On the way to work I see a girl I vaguely know who works opposite.. Not exactly displeasing to the eye but still. Our paths have crossed and we're going to the same place so I do the polite thing and give her a lift. Not two minutes later I run into another car.. This car just happens to be driven by a friend of my wife. Not only that.. the job I needed the car for has been cancalled.
So I have to explain to the wife that, I have smashed her car up going to a none existent job and I happened to have a hot blonde by my side.
🙁
Dead man walking.
We have a dead man walking.
Good luck
Lets us know how you get on
no matter how you explain it, she will want to know why you stopped to even pick the blonde up and what she was doing to you to cause you to crash.
was anybody hurt?
shit situation dude, i feel for you!
I wouldnt bother going home!!
That bit of gear you picked up this morning, she single??
Hahahahaha.
Hope she didn't bite on impact..... 😯
was anybody hurt?
Not yet.. but I still have to go home 🙁
glupton1976 - MemberHahahahaha.
Such sympathy for a man in need!
Just another example of the law of Sod, but seriously, good luck.

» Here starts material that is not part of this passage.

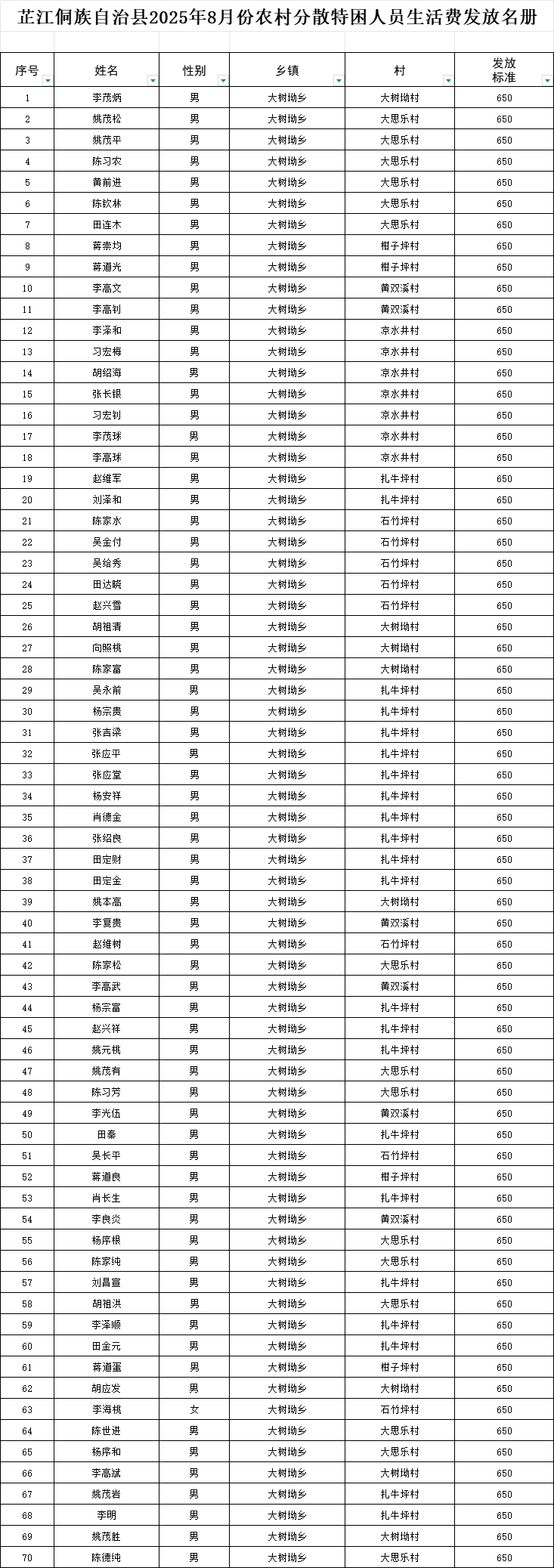 【社会救助】大树坳乡2025年8月份农村分散特困人员生活费发放名册

Really wouldn't want to be in your shoes right now.
Practicing your alibi on us eh?
how long have you been married and is it coming up to that time where you'd be trading in for a younger model anyway?
you could just accuse the wife's friend of being on drugs, causing the accident whilst tripping, and that she spent half the time you were trying to get any sense out of her talking to an imaginary person 8)
Practicing your alibi on us eh?
Thats the thing.. It's all true yet looks SO bad.
Don't worry, your wife will read this thread and her mind will be put at rest. Probably.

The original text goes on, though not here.